SIBOLGA, KOMPAS.com – Sepuluh hari lamanya, warga korban banjir di Kecamatan Pandan, Kabupaten Tapanuli Tengah, bertahan di posko pengungsian dengan kondisi logistik yang serba terbatas.
Meski bantuan logistik mulai berdatangan ke posko yang terletak di Gedung Serbaguna Pandan, para pengungsi mengeluhkan minimnya pasokan makanan khusus untuk balita, terutama bubur bayi instan.
Salah satu pengungsi, Juliandika, warga Kampung Pardagangan, Gubuk Tuko, Kecamatan Pandan mengungkapkan, selama satu minggu berada di pengungsian, ia belum pernah menerima bantuan makanan pendamping untuk anaknya yang masih balita.
"Makanan itu kurang. Makanan bayi, iya, Bubur Sun itu. Cuma itu yang kurang. Belum ada sama sekali sampai sekarang," ujar Juliandika saat diwawancarai Kompas.com di lokasi, Jumat (5/12/2025) siang.
Baca juga: Korban Banjir Sumut: dari Jam 9 Pagi Sampai Terbenam Matahari Kami Cari Bantuan
Menurut Juliandika, bantuan yang masuk sejauh ini baru sebatas popok bayi. Sementara itu, susu formula untuk balita di atas enam bulan maupun bubur bayi belum tersedia.

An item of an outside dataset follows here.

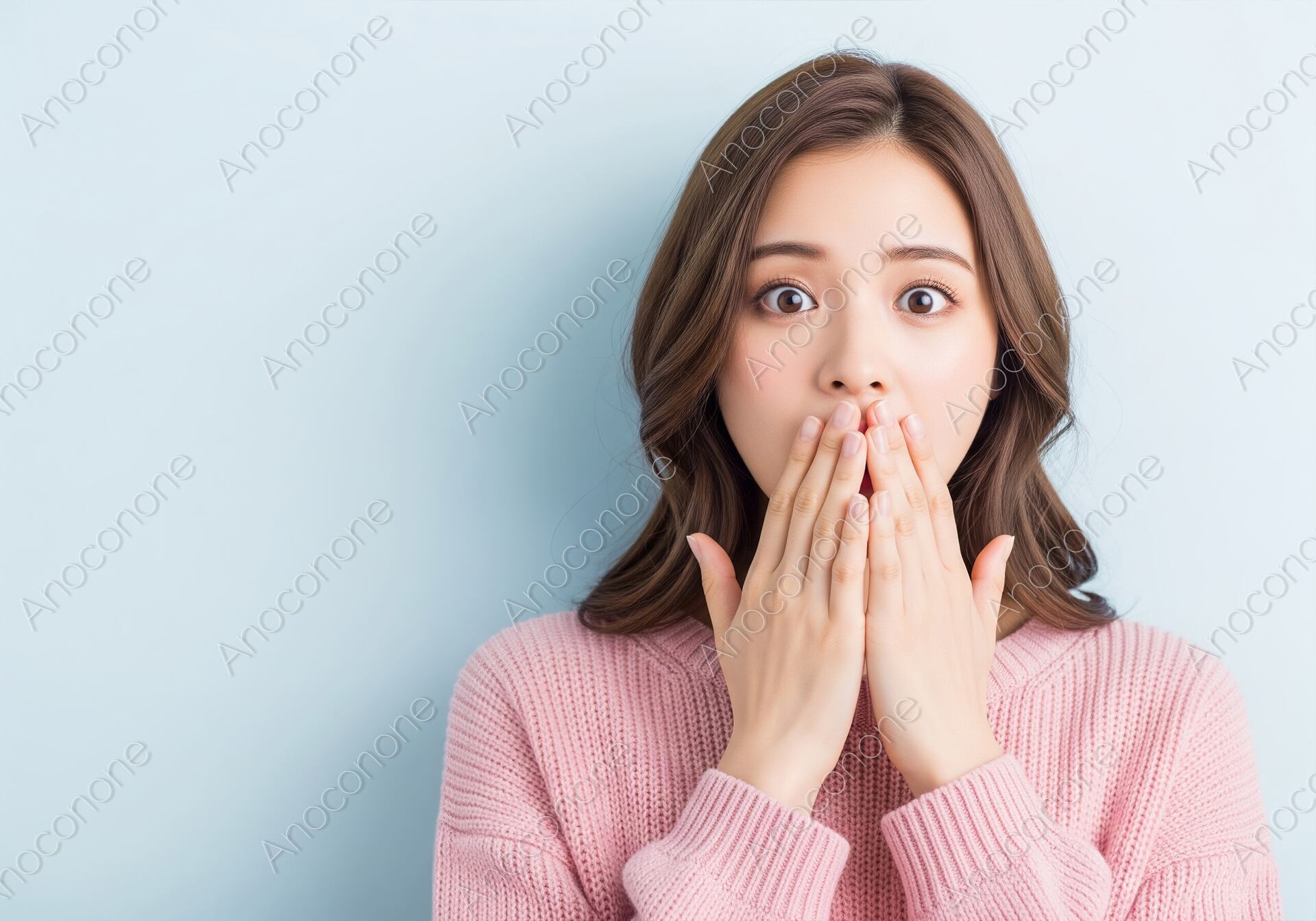 ピンクのニットを着た女性が、両手で口元を覆い驚きを表現しているポートレートです。大きく見開いた目が、驚きやショック、困惑といった感情を伝えています。シンプルな背景とモデルの豊かな表情が際立ち、見る人に強いインパクトを与えます。感情、発見、感動、インスピレーションなど、幅広いテーマでご活用いただける高クオリティな素材です。

Akibat ketiadaan makanan bayi, Juliandika terpaksa hanya mengandalkan Air Susu Ibu (ASI) untuk asupan nutrisi anaknya selama di pengungsian.
Padahal, sebelum bencana terjadi, sang anak yang berusia satu tahun sudah terbiasa mengonsumsi makanan pendamping.
"Anak makannya dari ASI lah. Makan pun tak mau dia makan (nasi). Akhirnya cuma ASI saja full selama ngungsi di sini," tuturnya.
Kondisi ini pun akhirnya berdampak pada kesehatan fisik Juliandika.
Ia mengaku kelelahan dan lemas karena harus menyusui secara intensif di tengah kondisi pengungsian yang tidak nyaman dan asupan makanan ibunya yang juga seadanya.
"Berpengaruh sekali lah, tak ada bubur itu, badan lemas kan. Semua pegal, makin capek," keluhnya.
Baca juga: Dedi Mulyadi Hentikan Penerbitan Izin Perumahan Usai Bandung Raya Dikepung Bencana
Selain makanan bayi, para pengungsi juga menghadapi kendala ketersediaan air bersih dan listrik.
Juliandika menyebutkan bahwa air di posko pengungsian sangat sulit didapat dan menyebabkan terbatasnya fasilitas sanitasi.
Akhirnya, para pengungsi hanya bisa buang air kecil di kamar mandi posko.
"Air bersih kurang kali. Sejak awal itu susah aie. Itu saja karena mati air, digembok tangkinya. Buang air seadanya saja," ujarnya.